Three people are standing between plants in front of a table, on which there is also a small plant in a top and on which visibly different plant parts and herbs are processed - one sees different species lying around, partly already crushed. Two of the people are standing in the background, one is holding a bowl in his hands. The person in the foreground, apparently responsible for processing the plants and herbs, is smelling a bunch of plants or herbs. In his right hand he holds the tool, perhaps a mortar, which he needs for processing.
Herbal Medicines by Abdulhamid Yusuf, 1996

I recently gave a talk titled “Relational Ontologies of Illness, and the Nigerian Sahel.” I explored conversations of religious healers with spirits about how, when, and where shifting ecologies of the Sahel are affecting human and spirit movements, and lafiya, a Hausa term for health, well-being and balance. I also suggested ways that human and non-human beings and things of the Sahel are mutually constituting one another, in vibrant visceral exchanges, as they take something lively from one another. The scattered small-leafed trees and woody scrubs, for instance, draw attention to the shade they produce, offering up leaves and roots for food and medicine. Rivers and rock formations carve into the Sahel, cooling and watering its inhabitants.  And, spirits, known in the Hausa language as iskoki (winds) and inuwoyi (shades), travel with the winds and dwell in the shady coolness of trees, holes, rock formations, and water, along with numerous animals and plants that ecologically tolerate the Sahel’s wet and dry seasons. Their relative abundance depends on the seasons, and shared histories—from centuries of settlement, cultivation, and resource extraction, to movements for trade, pilgrimage, water, and pasturage. 

Though the Sahel and Sahel-Savannah have been warming since the early 1900s, there has been a sharp rise in temperature and rainfall variability since the 1970s, increasing both dry heat, and humidity and flooding. These conditions affect microbial vectors of illnesses, too, and the reliability and safety of cultivated and wild foods, and herbal medicines. In 1995-96, after the concurrence of mass spirit possession and one of the largest meningitis epidemics in Nigeria’s history, spirits began to complain to malams and to sarakuna Bori (leaders of the Bori religion) about the human destruction of their shared environment. Spirits who prefer coolness were especially concerned about being displaced as trees were cut, leaving them vulnerable to extreme heat and dryness. Spirits and microbes were traveling more rapidly, in winds and sand, blowing across a more barren land. Spirits were angry about the boom of industries, and the increasingly noxious sights and smells of industrial pollution, which they said, drove them away from their preferred dwelling places into human settlements. Spirits claimed humans were less friendly than in earlier years, more reckless in their movements, stepping on them and their babies without care. The conversations of religious healers with spirits began to shape ecological perspectives about the existence, the right to exist, and how to maintain lafiya or health, well-being and balance, in their shared ecologies. In my talk, I gave specific examples about how beings and things drew attention to themselves, responded, assembled and vitally affected one another to co-produce illnesses, and to heal. Spirit and matter, in my analysis, are neither one and the same, nor detangled, but relational ontologies—whether involving spirits, humans, plants, animals, microbes or industrial chemicals—that affected how, when, and where illnesses emerged, and healing took place.  
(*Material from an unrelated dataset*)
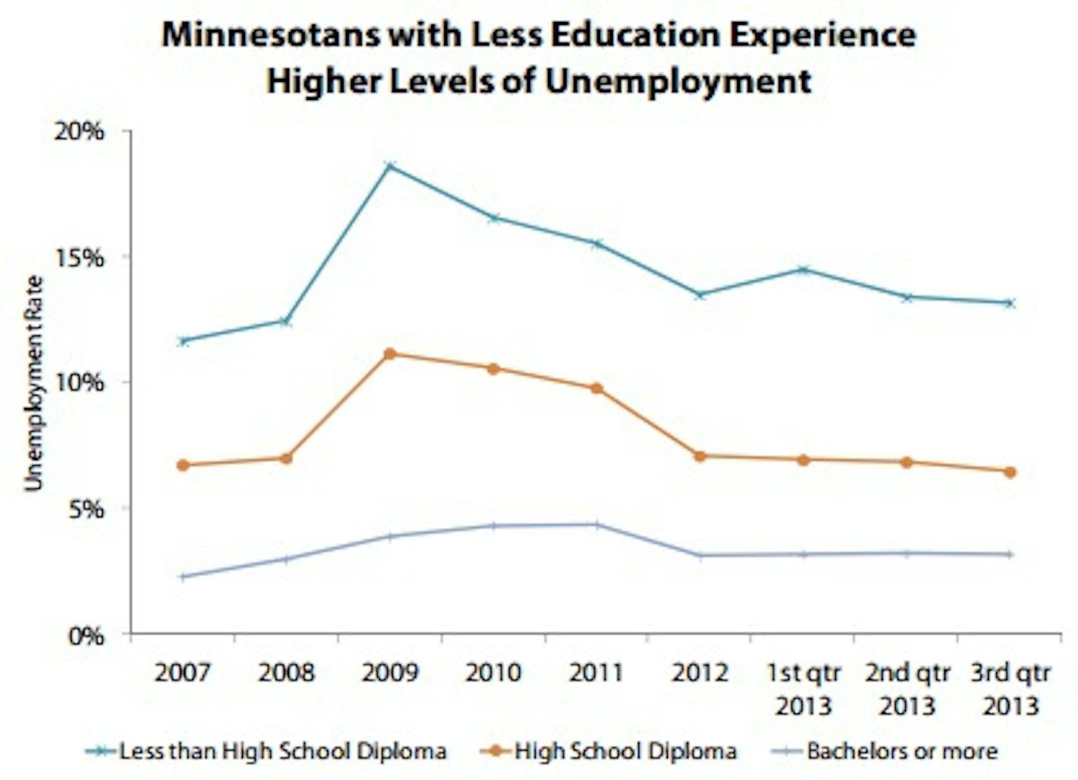 Minnesotans without a high school diploma have an unemployment rate of 13.2 percent. Those with a high school education have an unemployment rate of 6.5 percent. Those with a college diploma, by contrast, have an unemployment rate of 3.2 percent.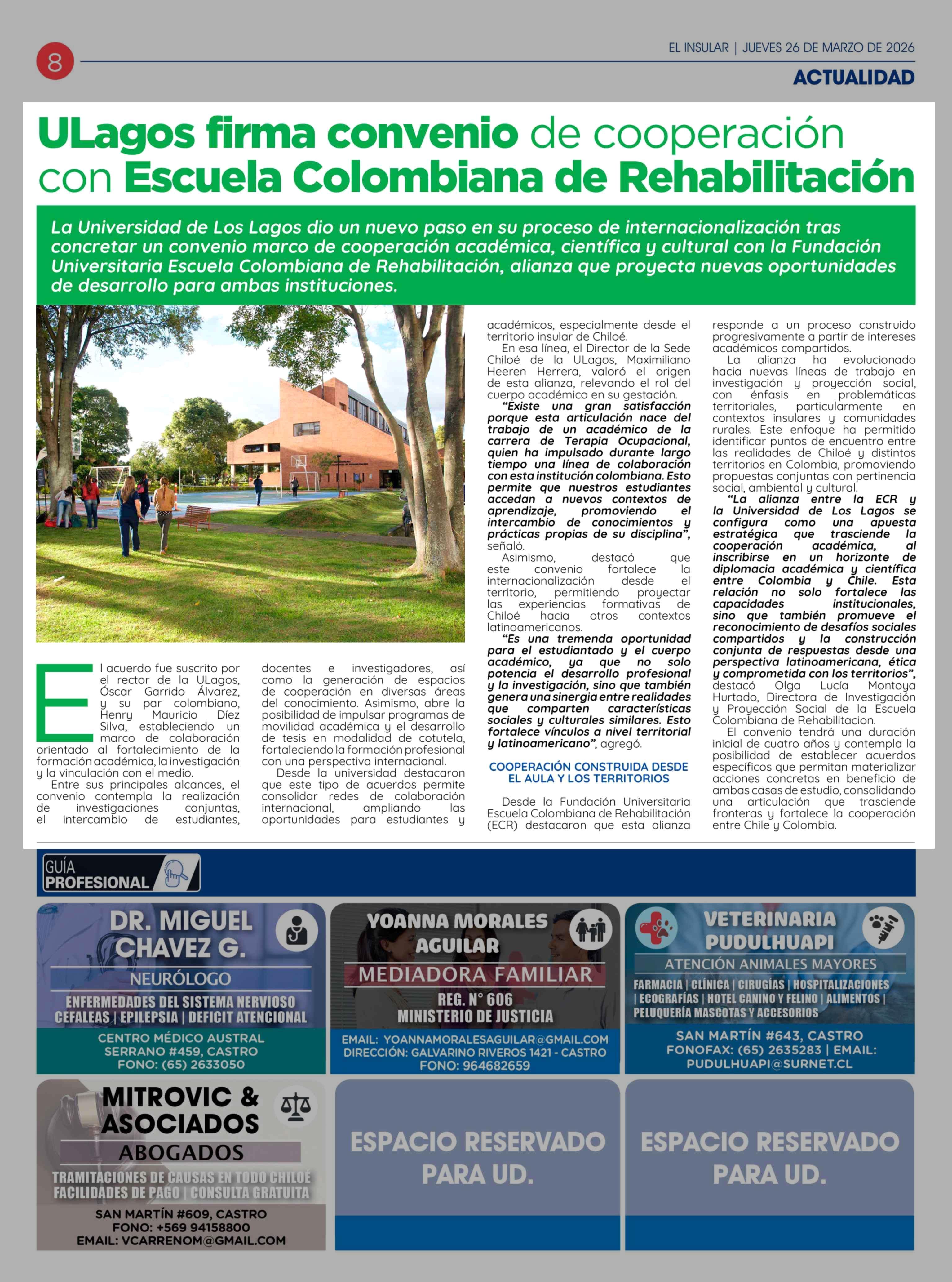 ULagos firma convenio de cooperación con Escuela Colombiana de Rehabilitación 26-03-2026 El Insular |

In the past few weeks alone, flooding across Nigeria has killed hundreds of people and displaced over a million, destroying their homes, farms, and businesses, and the wild and domesticated plants and animals around them. While “one health” approaches to the COVID-19 pandemic brought attention to the interrelations of human health with the plants, animals and microbes of our shared environments, my research extends such perspectives further, to include spirits and the intimate social lives of spirits with humans and other non-humans that have material effects. This research helps us to think about how shifts in relational ontologies and ecologies of the Sahel, and elsewhere, affect health and healing today, and what the possibilities are for future health.  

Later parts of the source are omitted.